Card sharing is strictly prohibited, as many shoppers recently found out the card hard way. "My wife is on our family account and used my Costco card once, because she forgot hers," one shopper wrote last month. "They took the card away." Another customer on TikTok recently reported that his mother got banned for using his father's card: "After confirming that it wasn't her card, they later told her that she could never go back to that location again."

Employees are now regularly checking photos to make sure that your face matches the image on the card. Some shoppers say their very identities have been called into question. If your current photo is outdated, then it's probably worth it to stop by the membership desk and get your picture retaken.

"Our membership policy states that our membership cards are not transferable and since expanding our self-service checkout, we've noticed that non-member shoppers have been using membership cards that do not belong to them," Costco recently explained in a statement to Eat This, Not That! "We don't feel it's right that non-members receive the same benefits and pricing as our members. As we already ask for the membership card at checkout, we are now asking to see their membership card with their photo at our self-service checkout registers."

Don't try to pay with someone else's credit or debit card

costco receipt

Sure, you can bring your children and up to two guests to the warehouse, but they absolutely cannot pay for anything at the register. "Only Costco members may purchase items," according to the rules. Shoppers often get stopped when the name on the payment card doesn't match the one on their membership card. Even married couples get denied. "This happens a lot at my Costco," one customer wrote on Reddit. "I have a membership and my husband wants to pay with his credit card. They do not allow that!" 
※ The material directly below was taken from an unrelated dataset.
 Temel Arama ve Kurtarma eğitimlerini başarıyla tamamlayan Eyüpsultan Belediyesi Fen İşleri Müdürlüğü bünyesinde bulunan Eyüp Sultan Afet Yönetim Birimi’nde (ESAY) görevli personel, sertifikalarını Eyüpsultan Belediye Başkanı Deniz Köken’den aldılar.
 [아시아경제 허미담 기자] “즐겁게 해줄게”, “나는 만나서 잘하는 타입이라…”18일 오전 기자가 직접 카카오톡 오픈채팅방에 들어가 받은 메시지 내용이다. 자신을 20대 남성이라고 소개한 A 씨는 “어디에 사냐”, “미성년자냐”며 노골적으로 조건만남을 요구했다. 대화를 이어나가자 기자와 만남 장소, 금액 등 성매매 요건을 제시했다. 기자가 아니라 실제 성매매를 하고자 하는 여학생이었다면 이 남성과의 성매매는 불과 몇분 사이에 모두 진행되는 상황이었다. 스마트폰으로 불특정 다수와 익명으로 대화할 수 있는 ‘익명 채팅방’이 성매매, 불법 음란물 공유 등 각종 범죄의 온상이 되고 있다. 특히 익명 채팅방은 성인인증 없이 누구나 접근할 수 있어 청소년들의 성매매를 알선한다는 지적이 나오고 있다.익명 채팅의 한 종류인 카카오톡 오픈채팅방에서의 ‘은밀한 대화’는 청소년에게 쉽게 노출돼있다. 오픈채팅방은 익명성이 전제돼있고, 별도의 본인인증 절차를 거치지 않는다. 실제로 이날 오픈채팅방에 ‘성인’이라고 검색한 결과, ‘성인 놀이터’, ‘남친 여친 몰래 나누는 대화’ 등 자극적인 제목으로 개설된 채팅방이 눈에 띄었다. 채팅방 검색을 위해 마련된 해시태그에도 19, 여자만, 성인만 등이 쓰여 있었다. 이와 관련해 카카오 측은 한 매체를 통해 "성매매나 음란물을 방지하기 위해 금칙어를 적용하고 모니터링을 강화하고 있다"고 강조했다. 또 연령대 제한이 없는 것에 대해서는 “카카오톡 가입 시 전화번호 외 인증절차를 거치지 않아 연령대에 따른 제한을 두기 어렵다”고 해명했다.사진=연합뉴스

Getting caught with someone else's credit card can really delay your checkout time. "They saw my husband hand me a card and wouldn't let me use it," another shopper wrote, "so I had to wait at the check out while he went to get my wallet out of the car so I could use the exact same card in my name instead."

Customers may fume about this "frustrating" rule, but Costco probably has a good reason for its strict members-only payment policy. "If you use someone else's card you can dispute the charge as you could say it wasn't you making the purchase," one Redditor suggested, adding, "corporate is very strict with preventing illegal chargebacks from happening."
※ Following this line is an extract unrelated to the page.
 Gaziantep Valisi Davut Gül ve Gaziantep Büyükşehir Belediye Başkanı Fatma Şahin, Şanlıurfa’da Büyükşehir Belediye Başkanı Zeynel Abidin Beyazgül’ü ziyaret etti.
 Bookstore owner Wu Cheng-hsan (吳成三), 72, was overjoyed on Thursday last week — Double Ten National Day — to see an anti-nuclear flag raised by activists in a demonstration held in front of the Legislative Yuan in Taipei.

Don't abuse the famously lenient return policy

Costco membership

Costco has perhaps the most laid-back return policy of any major retailer, leading to some incredible stories about all the stuff that shoppers have brought back over the years. But it seems even this legendarily accepting club has its limits. The rules say that your "membership may be terminated at Costco's discretion and without cause" and going overboard at the returns desk might just cross that line.
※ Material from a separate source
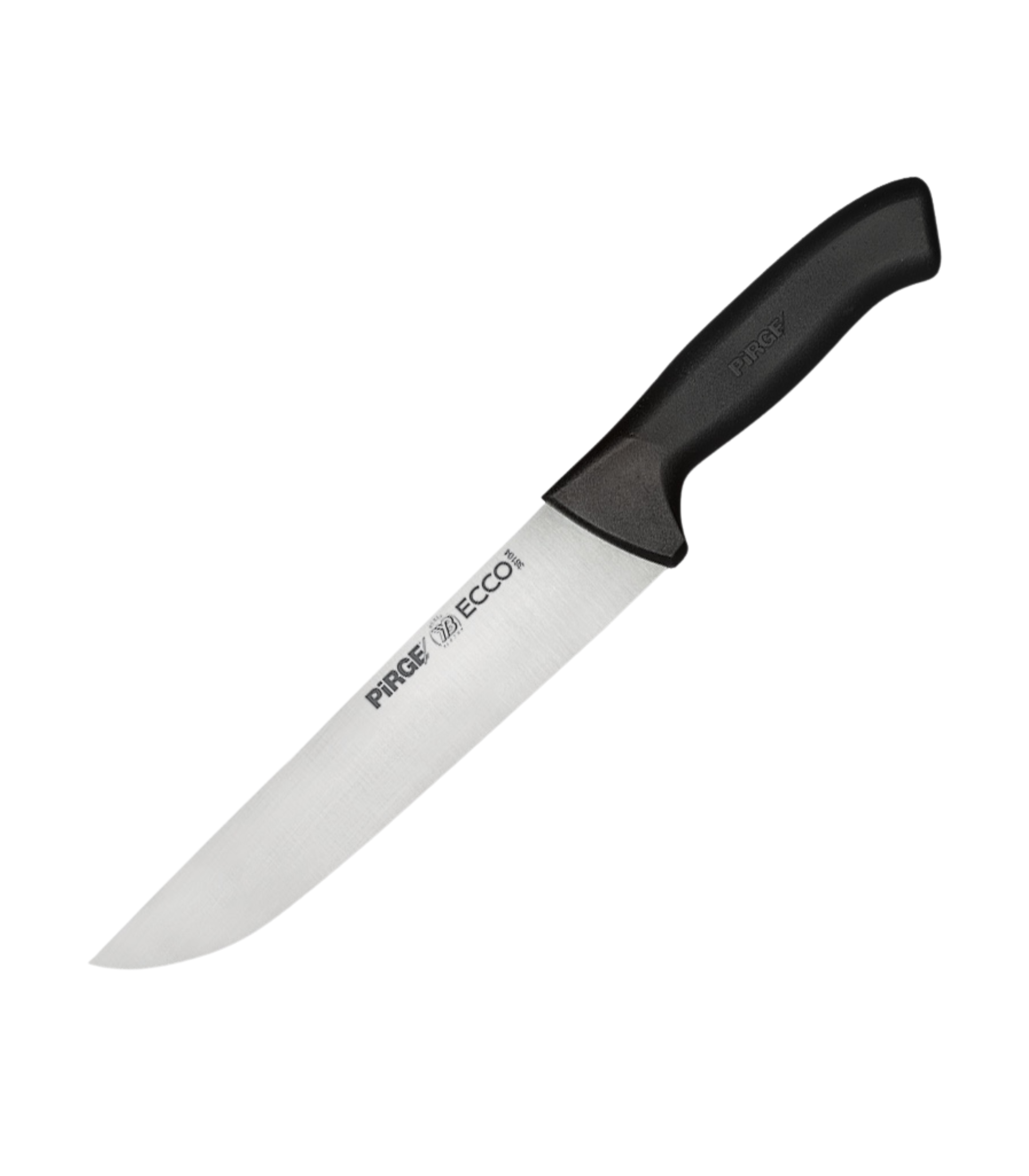 PIRGE Ecco butcher knife: equipped with a finely crafted 40 mm x 210 mm x 2.5 mm blade for professional use. The slim handle not only adds a touch of elegance, but also ensures a comfortable and secure grip during precision cuts. Expand your butchering experience with this razor-sharp, German-made knife and make it an essential tool for chefs and butchers alike. German precision, unsurpassed quality: these butcher knives made in Germany are characterised by steel quality, which complies with the DIN 1.4116 standard. They are ice-hardened to a rugged hardness rating of 55HRC and provide exceptional durability and a razor-sharp edge for precise cutting in professional kitchens. Comfortable handling with basic comfort handle: the knives have a basic comfort handle made of PPC (polypropylene copolymer), which ensures a comfortable and secure grip. This ergonomic design ensures that chefs can safely handle the knives for extended periods of time, enhancing their overall kitchen experience. ROUNDED BACK CORNERS AND LONG ERL: These knives are designed for safety and have rounded back corners, minimizing the risk of accidents during use. The long tang provides balance and allows controlled and precise cutting movements in professional culinary environments. Razor sharp cutting for precise cutting: the knives have a razor-sharp cutting edge and are therefore indispensable for precise cutting tasks in butchers and professional kitchens. From trimming to cutting, these knives ensure efficient and precise cuts and reflect the tip of German craftsmanship.

One shopper told Business Insider that Costco revoked her membership in 2018 after she tried to return a printer eight years after purchase, prompting a manager to look up her past returns. Turns out, there were many. She later received a formal termination letter, which stated: "It is apparent from a review of your membership account that you are not happy with the products you have purchased from Costco, and we are unable to satisfy you as a member." The club reportedly refunded her for the printer, its ink, and her yearly membership fee, but she won't be coming back again.